Work required
Leave the pictures in the listing below aside and reproduce exactly the lines starting with the one with "ALTERNATOR 14V 75A" and going on through the one with "Ombre Light Brown", both ends included.

Excerpted data
※ ※ ※
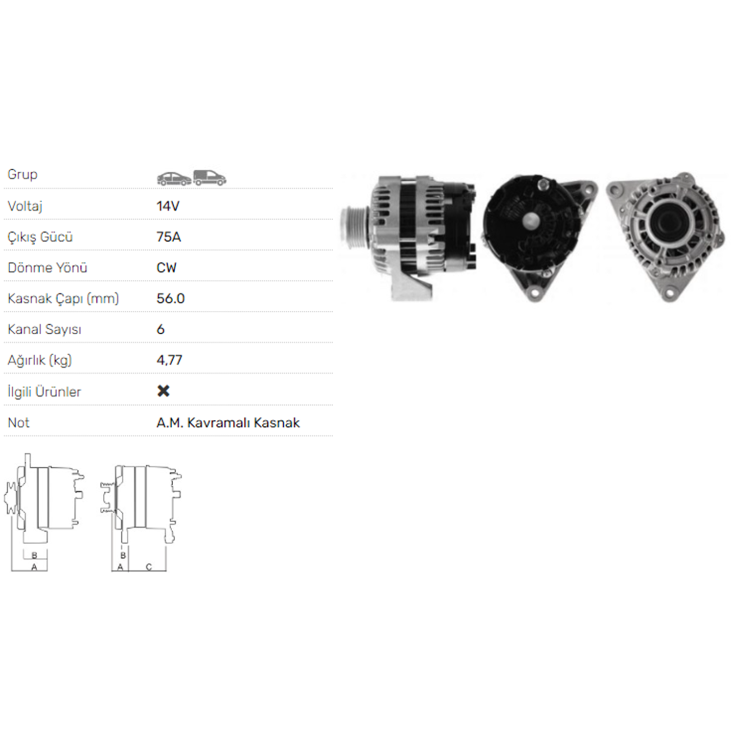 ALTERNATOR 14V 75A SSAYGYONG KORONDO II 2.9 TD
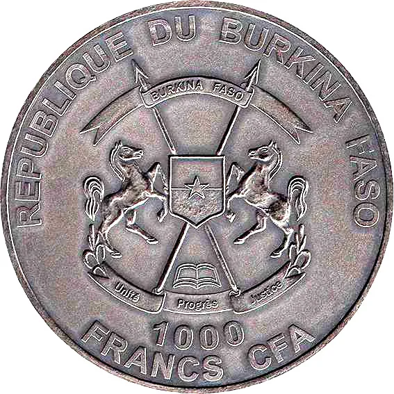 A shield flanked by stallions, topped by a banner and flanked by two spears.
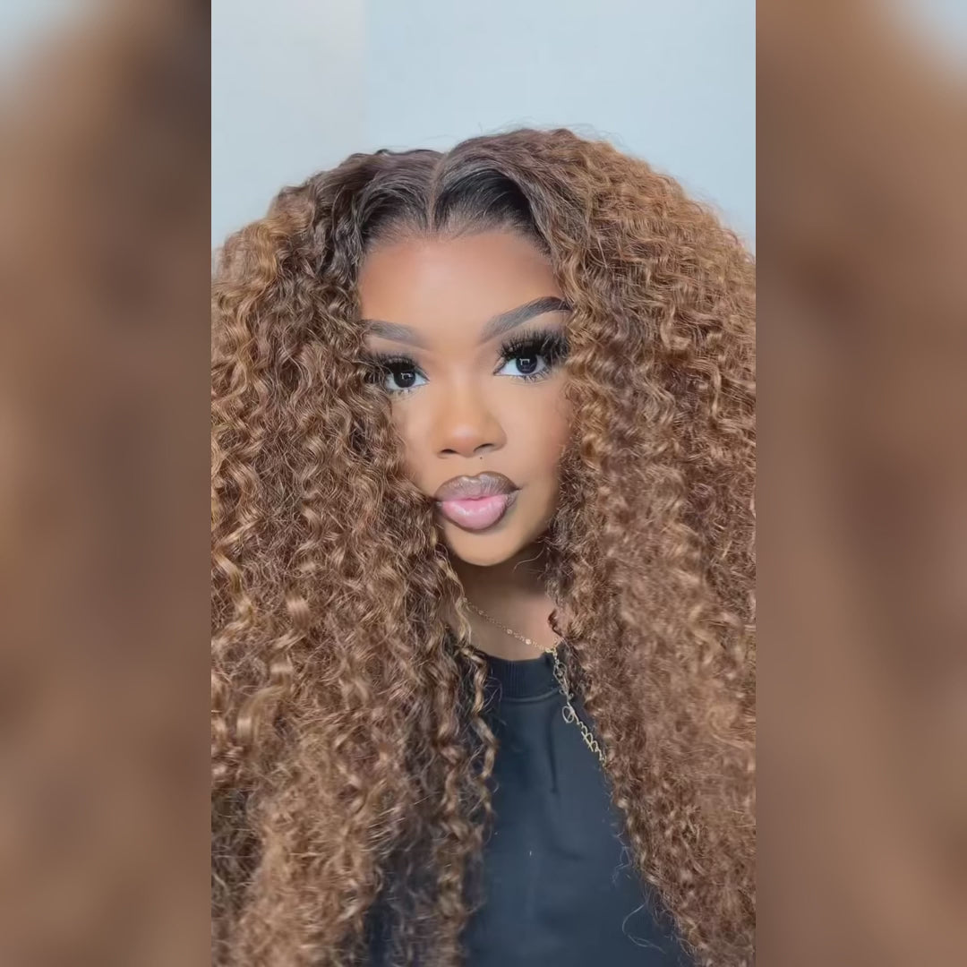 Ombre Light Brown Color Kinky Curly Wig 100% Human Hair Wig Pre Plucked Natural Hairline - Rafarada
※ ※ ※
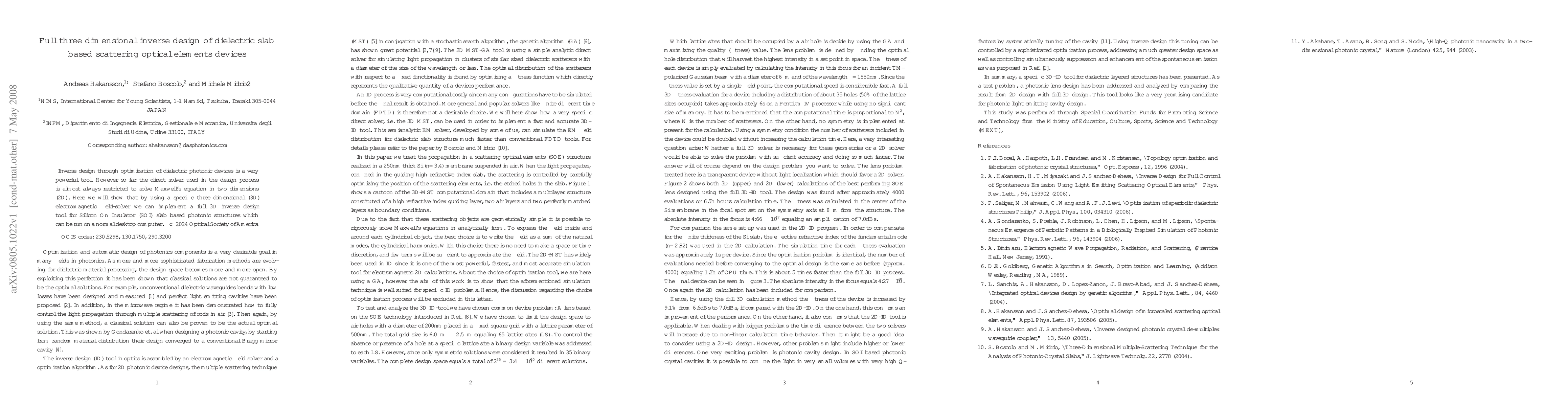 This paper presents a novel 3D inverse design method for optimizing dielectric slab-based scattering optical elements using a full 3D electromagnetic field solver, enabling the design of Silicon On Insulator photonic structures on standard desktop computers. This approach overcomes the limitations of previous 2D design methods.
※ ※ ※
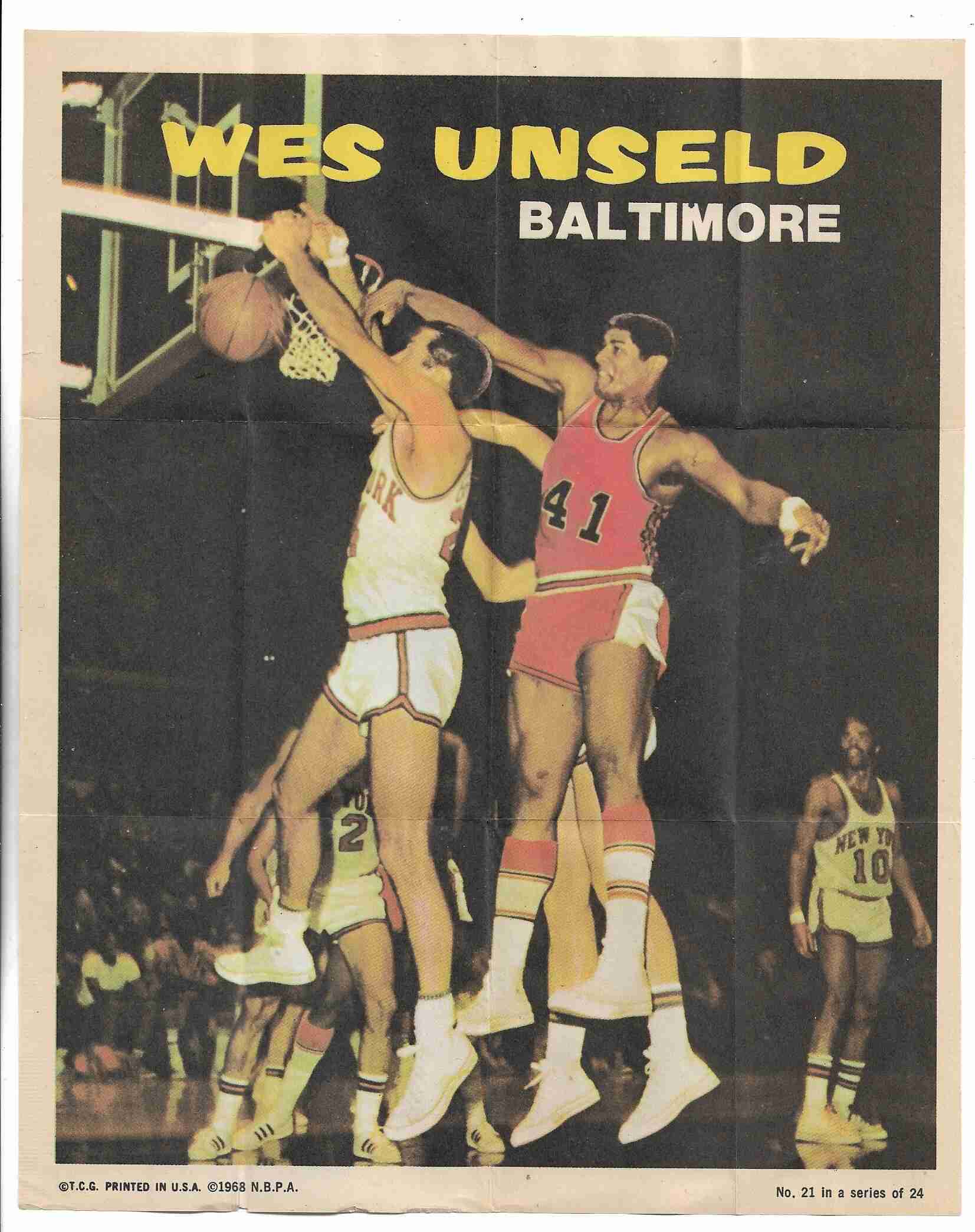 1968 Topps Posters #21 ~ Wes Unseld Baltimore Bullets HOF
※ ※ ※
Final answer
 ALTERNATOR 14V 75A SSAYGYONG KORONDO II 2.9 TD
 A shield flanked by stallions, topped by a banner and flanked by two spears.
 Ombre Light Brown Color Kinky Curly Wig 100% Human Hair Wig Pre Plucked Natural Hairline - Rafarada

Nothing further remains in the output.